# Given information
----------------------------------------

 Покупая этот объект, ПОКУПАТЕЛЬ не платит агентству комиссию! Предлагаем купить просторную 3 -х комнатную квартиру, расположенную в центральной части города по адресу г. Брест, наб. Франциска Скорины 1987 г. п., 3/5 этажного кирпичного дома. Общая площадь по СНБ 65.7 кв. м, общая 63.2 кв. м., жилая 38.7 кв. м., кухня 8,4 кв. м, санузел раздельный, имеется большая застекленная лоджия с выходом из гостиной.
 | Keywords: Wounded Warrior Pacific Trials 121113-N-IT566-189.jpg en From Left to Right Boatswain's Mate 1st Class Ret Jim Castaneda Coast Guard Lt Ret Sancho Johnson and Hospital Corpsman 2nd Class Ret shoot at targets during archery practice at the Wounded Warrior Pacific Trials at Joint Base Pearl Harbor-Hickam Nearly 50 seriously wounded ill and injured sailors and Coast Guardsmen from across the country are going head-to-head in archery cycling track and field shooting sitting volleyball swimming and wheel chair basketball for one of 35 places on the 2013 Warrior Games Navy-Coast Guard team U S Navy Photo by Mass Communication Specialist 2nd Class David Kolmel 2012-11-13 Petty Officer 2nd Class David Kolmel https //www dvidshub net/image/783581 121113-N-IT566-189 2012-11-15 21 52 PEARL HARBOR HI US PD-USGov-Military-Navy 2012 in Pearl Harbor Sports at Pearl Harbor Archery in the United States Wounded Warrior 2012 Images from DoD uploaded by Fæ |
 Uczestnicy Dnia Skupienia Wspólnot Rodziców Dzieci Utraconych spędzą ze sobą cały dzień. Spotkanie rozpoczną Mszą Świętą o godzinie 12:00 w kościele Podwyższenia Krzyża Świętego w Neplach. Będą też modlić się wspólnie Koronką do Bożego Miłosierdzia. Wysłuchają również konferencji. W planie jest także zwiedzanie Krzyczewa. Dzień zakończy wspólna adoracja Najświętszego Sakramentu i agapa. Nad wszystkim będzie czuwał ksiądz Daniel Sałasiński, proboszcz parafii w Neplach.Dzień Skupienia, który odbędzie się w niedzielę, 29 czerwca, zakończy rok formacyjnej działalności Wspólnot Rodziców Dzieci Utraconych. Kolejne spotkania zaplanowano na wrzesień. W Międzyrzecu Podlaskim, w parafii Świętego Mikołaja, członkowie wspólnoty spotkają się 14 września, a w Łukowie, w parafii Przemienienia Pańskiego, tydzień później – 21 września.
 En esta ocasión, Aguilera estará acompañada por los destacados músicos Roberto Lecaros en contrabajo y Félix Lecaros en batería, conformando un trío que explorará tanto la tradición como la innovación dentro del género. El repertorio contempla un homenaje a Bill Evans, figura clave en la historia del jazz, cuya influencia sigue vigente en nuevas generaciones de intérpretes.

----------------------------------------

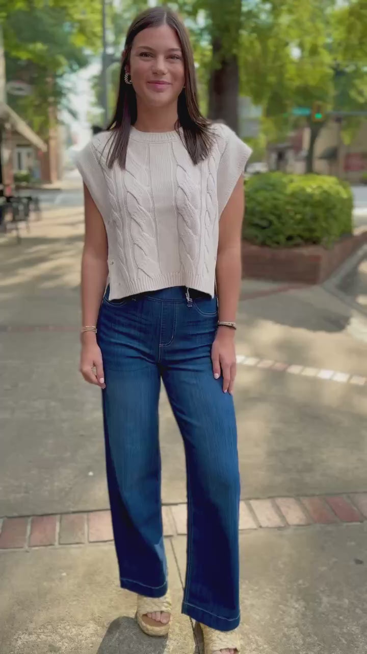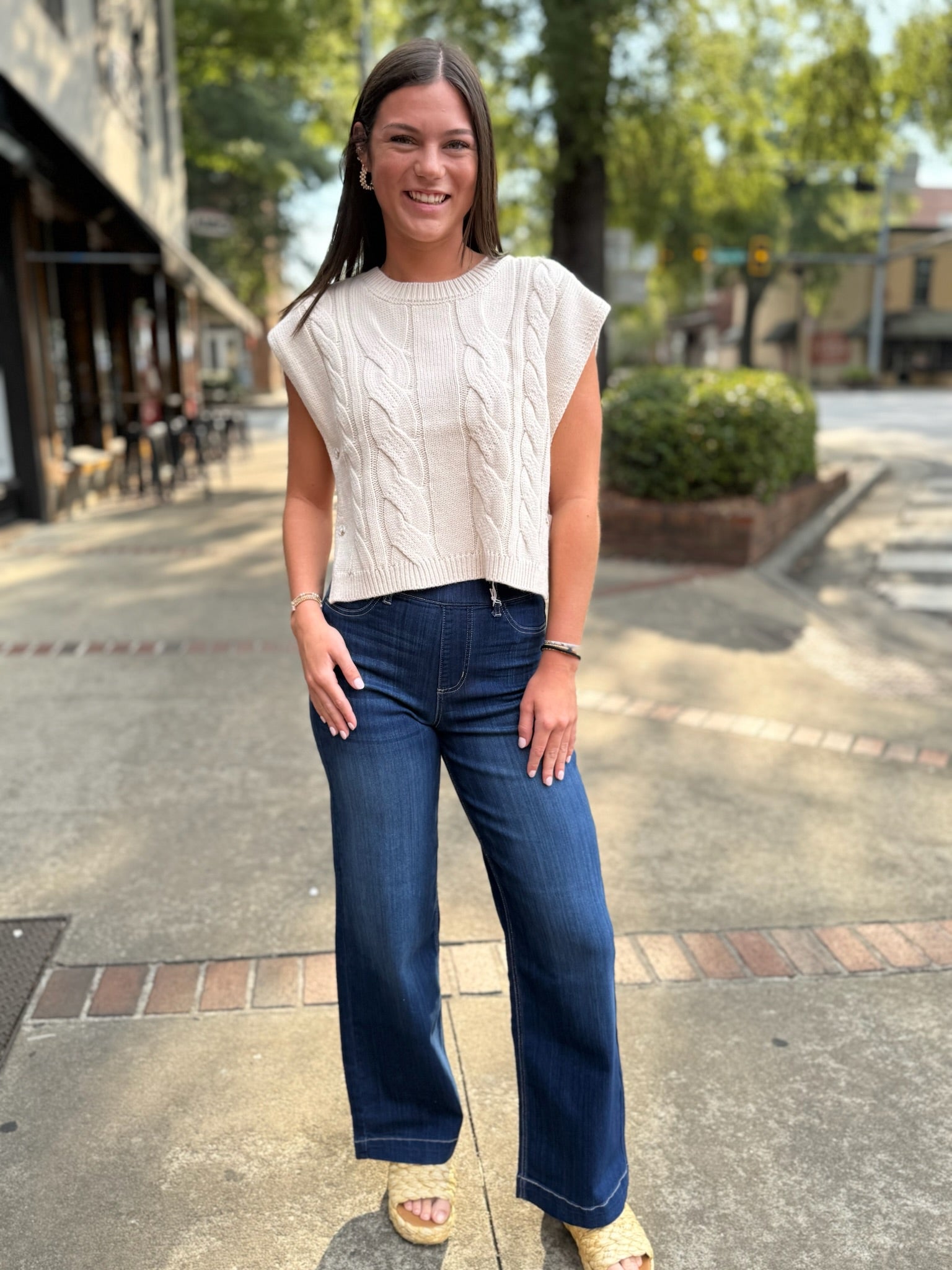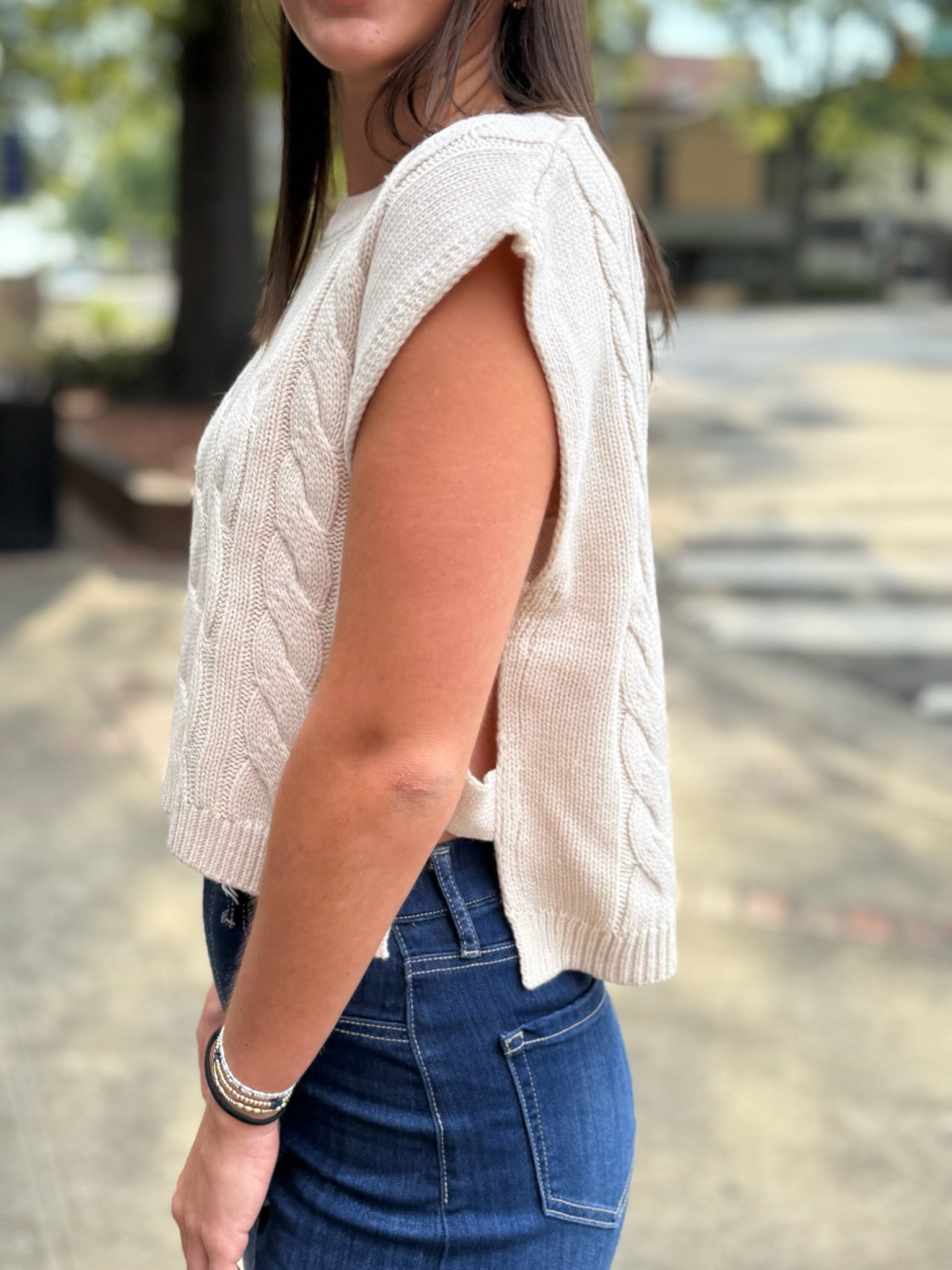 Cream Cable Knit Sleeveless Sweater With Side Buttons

----------------------------------------

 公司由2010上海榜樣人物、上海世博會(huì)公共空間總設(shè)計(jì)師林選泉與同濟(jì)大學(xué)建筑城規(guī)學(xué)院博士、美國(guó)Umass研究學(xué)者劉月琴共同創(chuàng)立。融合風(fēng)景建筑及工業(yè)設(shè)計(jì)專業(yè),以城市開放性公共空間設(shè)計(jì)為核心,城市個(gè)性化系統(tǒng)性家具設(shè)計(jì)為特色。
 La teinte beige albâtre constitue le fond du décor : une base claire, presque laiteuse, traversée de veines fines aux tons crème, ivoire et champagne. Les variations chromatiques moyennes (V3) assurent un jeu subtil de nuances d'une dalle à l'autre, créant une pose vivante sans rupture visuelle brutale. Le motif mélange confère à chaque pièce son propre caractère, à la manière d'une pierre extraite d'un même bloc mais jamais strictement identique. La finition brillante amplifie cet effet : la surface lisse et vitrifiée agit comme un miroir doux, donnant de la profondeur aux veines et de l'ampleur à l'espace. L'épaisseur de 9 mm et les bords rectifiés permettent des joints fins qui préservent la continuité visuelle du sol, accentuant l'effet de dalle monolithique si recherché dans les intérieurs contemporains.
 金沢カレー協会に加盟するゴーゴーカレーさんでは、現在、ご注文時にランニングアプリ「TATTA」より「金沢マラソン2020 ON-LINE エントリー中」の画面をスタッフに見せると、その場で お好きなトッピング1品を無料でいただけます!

----------------------------------------

# Work instructions
Beginning at the line with "Покупая этот объект, ПОКУПАТЕЛЬ" and stopping after the line with "Uczestnicy Dnia Skupienia", please write out every line of the data above exactly and nothing else.

# Task result
 Покупая этот объект, ПОКУПАТЕЛЬ не платит агентству комиссию! Предлагаем купить просторную 3 -х комнатную квартиру, расположенную в центральной части города по адресу г. Брест, наб. Франциска Скорины 1987 г. п., 3/5 этажного кирпичного дома. Общая площадь по СНБ 65.7 кв. м, общая 63.2 кв. м., жилая 38.7 кв. м., кухня 8,4 кв. м, санузел раздельный, имеется большая застекленная лоджия с выходом из гостиной.
 | Keywords: Wounded Warrior Pacific Trials 121113-N-IT566-189.jpg en From Left to Right Boatswain's Mate 1st Class Ret Jim Castaneda Coast Guard Lt Ret Sancho Johnson and Hospital Corpsman 2nd Class Ret shoot at targets during archery practice at the Wounded Warrior Pacific Trials at Joint Base Pearl Harbor-Hickam Nearly 50 seriously wounded ill and injured sailors and Coast Guardsmen from across the country are going head-to-head in archery cycling track and field shooting sitting volleyball swimming and wheel chair basketball for one of 35 places on the 2013 Warrior Games Navy-Coast Guard team U S Navy Photo by Mass Communication Specialist 2nd Class David Kolmel 2012-11-13 Petty Officer 2nd Class David Kolmel https //www dvidshub net/image/783581 121113-N-IT566-189 2012-11-15 21 52 PEARL HARBOR HI US PD-USGov-Military-Navy 2012 in Pearl Harbor Sports at Pearl Harbor Archery in the United States Wounded Warrior 2012 Images from DoD uploaded by Fæ |
 Uczestnicy Dnia Skupienia Wspólnot Rodziców Dzieci Utraconych spędzą ze sobą cały dzień. Spotkanie rozpoczną Mszą Świętą o godzinie 12:00 w kościele Podwyższenia Krzyża Świętego w Neplach. Będą też modlić się wspólnie Koronką do Bożego Miłosierdzia. Wysłuchają również konferencji. W planie jest także zwiedzanie Krzyczewa. Dzień zakończy wspólna adoracja Najświętszego Sakramentu i agapa. Nad wszystkim będzie czuwał ksiądz Daniel Sałasiński, proboszcz parafii w Neplach.Dzień Skupienia, który odbędzie się w niedzielę, 29 czerwca, zakończy rok formacyjnej działalności Wspólnot Rodziców Dzieci Utraconych. Kolejne spotkania zaplanowano na wrzesień. W Międzyrzecu Podlaskim, w parafii Świętego Mikołaja, członkowie wspólnoty spotkają się 14 września, a w Łukowie, w parafii Przemienienia Pańskiego, tydzień później – 21 września.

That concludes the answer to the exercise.